A super alien warrior goes training inside a gravity room. It's a room with a flat floor, but the surface gravity of the room can be modified at the push of a button.

But under general relativity a higher gravity leads to a slower time flow.

So my question is: what is the expression of $\dfrac{t_{in}}{t_{out}}$ in terms of $g$?

$t_{in}$ is the time elapsing inside the gravity room

$t_{out}$ is the time elapsing outside the gravity room (with no gravity to influence the flow of time)

$g$ is the surface gravity inside the gravity room (in $m.s^{-2}$)

Answer 1

The easiest way to accomplish this is to have the warrior in a large centrifuge that speeds up to simulate enhanced gravity on the axis perpendicular to the spin - think of the gravitron ride - you can turn sideways on the walls at a sufficient speed.

Since your survivable g-force is limited by physiology, your rotational speed could only reach a tiny fraction of c before any living organism would be crushed into jelly striated by chemical weight.

As mentioned in the comments, there would be no appreciable time dilation when training at any survivable g force. It might be measurable in picoseconds, but nothing the average person would notice.

Addendum:

From the wiki article on gravitational time dilation:

On the other hand, when g is nearly constant and gh is much smaller than c^2, the linear "weak field" approximation T_d = 1 + gh/c^2 may also be used.
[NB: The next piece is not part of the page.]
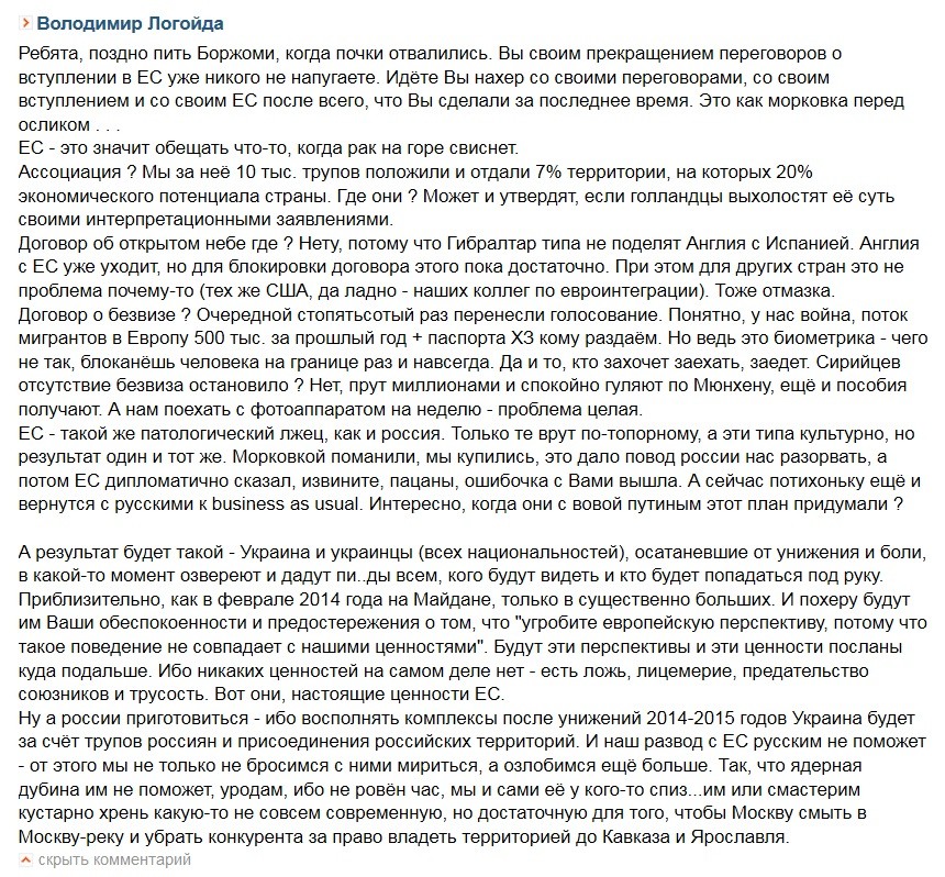Вопль души украинца, у которого кастрюля на секунду отлипла от суперклея и до него дошло то, о чем его три года назад предупреждали кляты москали. И теперь всю свою злость от того, что его таки нае...ли, он собирается направить на... правильно! - клятых москалей. Уровень переможной интоксикации в последнем абзаце зашкаливает.

Conversely, we may approximate the effects of increased gravity as reducing the distance between the warrior and the planet (eg: everyone outside the room is at a "farther above the gravitic center of mass on the planet.")

Since gravity increases/decreases by the square/root of the distance, so a person twice as close would experience 2^2 as much gravity. Extrapolating for the desired gravity multiplier x = h^2), we have: $$T_d = 1+\frac{g*\sqrt{x}}{c^2}$$ Assuming an earth-like original gravity, moving to a 9G environment (considered the maximum survivable vertical G by modern airforce pilots), then x=9, root x=3, and the equation neatly wraps up as: $$T_d = 1+\frac{3g}{c^2}$$ $$T_d = 1+\frac{3(9.80665 m/sec^2)}{(299,762,458 m/sec)^2} = 1+3.274e^{-16}$$ For scale: $$3.156e^{-16} nanoseconds = 1 year$$ Basically, the outside world would gain ten nanoseconds a year compared to the area inside the room.

Further addendum:

If we assume that native gravity for the aliens is 1 billion times earth gravity (because they live on the surface of a neutron star?) and we're talking about a 9-fold increase in native gravity (don't forget, whatever natural physiology that the aliens have is adapted to their evolved environment), then you're still only looking at: $$T_d = 1+\frac{3g}{c^2} = 1+\frac{3(9.80665*1,000,000,000 m/sec^2)}{(299,762,458 m/sec)^2} = 1+3.274e^{-7}$$ $$3.15569e^7 seconds = 1 year$$ Which still is only a 10 second gain per earth-year for the outside world. It's going to be noticeable at that point, but you only really experience significant time dilation at points where g*h approaches C, and at that point you need to use a different equation and most large solid chunks will rip themselves apart.